Stacey Sinclair

Professor
Department of Psychology & African American Studies
Director of Graduate Studies
Department of Psychology
Ph.D, Psychology
UCLA
office:
525 Peretsman-Scully Hall
office phone:
(609) 258-9557
email:
ssinclr@princeton.edu
website:
http://sinclairlab.com
Stacey Sinclair

Background

When seeking to describe how stereotyping and prejudice infects society it is common to characterize them as shaping individuals through biased media depictions and institutions that subjugate some while rewarding others. In contrast, the work done in my lab examines how interpersonal interactions translate culturally held prejudices into individual thoughts and actions. One line of research on social tuning, shows individuals’ prejudices and stereotype-relevant self-views adjust to the apparent views of social interaction partners, without conscious effort or awareness, when they like the other person or feel uncertain. A complementary line of research on implicit homophily shows that perceivers are interpersonally drawn to others whose intergroup attitudes and experiences seem similar to their own, even when those intergroup attitudes are consciously disavowed by perceivers and instead measured implicitly. Taken together these bodies of work suggest people may unknowingly be immersed in social networks characterized by a corresponding degree of intergroup bias.
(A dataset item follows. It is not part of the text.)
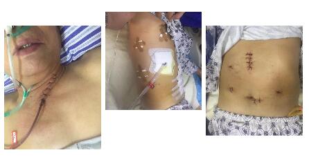 羅大爺,湘潭人,69歲,術(shù)前一個月出現(xiàn)胸骨后疼痛,通過胃鏡檢查及活檢,確診為食道中分化鱗癌,入我院完善檢查后,無明顯手術(shù)禁忌癥,考慮可行手術(shù)治療。通過術(shù)前科室醫(yī)生的討論,大家一致認(rèn)為此病人可行全腔鏡食管癌三切口根治術(shù),醫(yī)生向患者及家屬說明了此手術(shù)的優(yōu)勢,通過此技術(shù)可大大減少病人的疼痛,術(shù)后病人恢復(fù)更快,并發(fā)癥更低。在經(jīng)過家屬同意后,胸外科在周小勇主任的帶領(lǐng)下為羅大爺實施手術(shù),由于食管周圍遍布心、肺、氣管、主動脈、迷走神經(jīng)、肝臟和脾臟等重要臟器組織、血管,手術(shù)風(fēng)險極高,術(shù)中容不得半點閃失。胸外科團(tuán)隊全神貫注,仔細(xì)解剖,在接連攻克重重困難后,歷時7個多小時,順利完成手術(shù)。病人術(shù)后僅在胸、腹部留下幾個“鑰匙孔”般大小的創(chuàng)口,創(chuàng)傷大大減小,日?;顒佑绊憳O小,術(shù)后患者恢復(fù)順利,患者及家屬對胸外科此項技術(shù)給予高度贊揚。

We are in the initial stages of several projects considering the ramifications of this possibility for the health and intellectual performance of members of stigmatized groups.

Courses

AAS 384 / PSY 384

Prejudice: Its Causes, Consequences & Cures

Prejudice is one of the most contentious topics in modern American society. There is debate regarding its causes, pervasiveness, and impact. The goal of this course is to familiarize students with the psychological research relevant to these questions. We will review theoretical perspectives on prejudice to develop an understanding of its cognitive, affective, and motivational underpinnings. We will also discuss how these psychological biases relate to evaluations of, and behavior toward, members of targeted groups. In addition, research-based strategies for reducing prejudice will be discussed.